AdobeStock 107635558Located in the country’s Amhara region, the first seeds produced at BASF’s new production facility in Ethiopia enter the global vegetable seed market

 The facility offers ideal year-round production conditions for sweet pepper, tomato and cucumber. It is BASF’s first high-tech greenhouse complex in Africa.  

Vicente Navarro, senior vice-president of BASF’s vegetable seeds business, said, “We invested around US$9mn into this new facility. It will provide us with extra supply reliability and flexibility to serve our customers worldwide. Sustainable food production is very important to us and we want to do our part. That is why we are very proud of this new facility: It makes us a frontrunner in terms of establishing the first sustainable high-tech seed production site in Ethiopia with fully automated processes for climate control including humidity, heating and irrigation.”

The premises cover a surface of 15 ha: two hectares are occupied by State-of the-art greenhouses while the rest is used for open field seed production facilities and infrastructure. Currently, around 70 permanent employees are working at the new site. BASF also provides employment to more than 100 seasonal workers. Most of the employees were recruited from the surrounding areas and trained in-house. 
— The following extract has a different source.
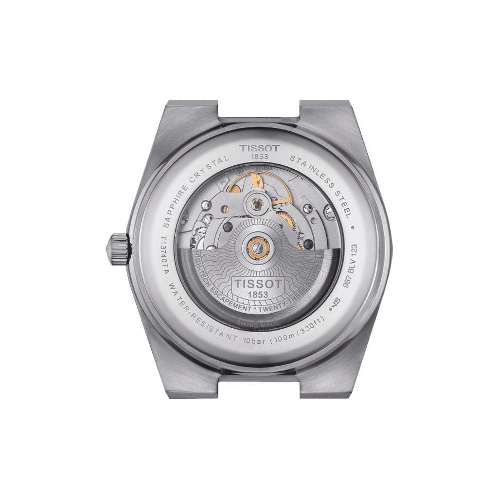 Hodinky Tissot T1374071135100 poháňa automatický strojček Powermatic 80.111, ktorý sa môže pochváliť rezervou chodu až 80 hodín, čo je dvakrát viac, ako je bežné u automatických strojčekov v tejto cenovej kategórii. Je osadený 23 drahokamami a jeho 21 600 polfrekvencií za hodinu možno pozorovať cez priehľadný ciferník. Strojček je "postavený" na základe variantu ETA 2824. Zotrvačník tohto strojčeka je vyrobený zo zliatiny Nivachron, ktorá je odolnejšia voči magnetickým poliam a teplotným zmenám a má vplyv na zvýšenie presnosti hodiniek. Okrem funkcie času je vybavený aj ukazovateľom dátumu. Ten nájdete na indexe na 3. hodine. Hodinové a minútové ručičky, ako aj indexy sú potiahnuté luminiscenčnou vrstvou na lepšie odčítanie času za šera alebo tmy.

High sustainability standards and commitment to social responsibility

The site fulfills BASF health, safety and environmental standards and goes beyond Ethiopia’s common sustainability requirements. To reduce its carbon footprint, mainly renewable energy sources are used to generate electricity. The greenhouses are heated with solar panels. Furthermore, the facility has its own wastewater treatment plant and all the waste it produces can be recycled on site.

Ben Depraetere, managing director, Nunhems Ethiopia PLC and country head of BASF’s vegetable seeds business in Ethiopia, concluded, “I am very proud to see that apart from delivering seeds to Ethiopian smallholder farmers, we are also actively involved in projects for reforestation and soil erosion control in the area. We want the local community to benefit. That is why, for example, we also supply the community around our site with safe drinking water, have invested in building new road infrastructure and established a fund to create job projects for unemployed young people from the surrounding area.”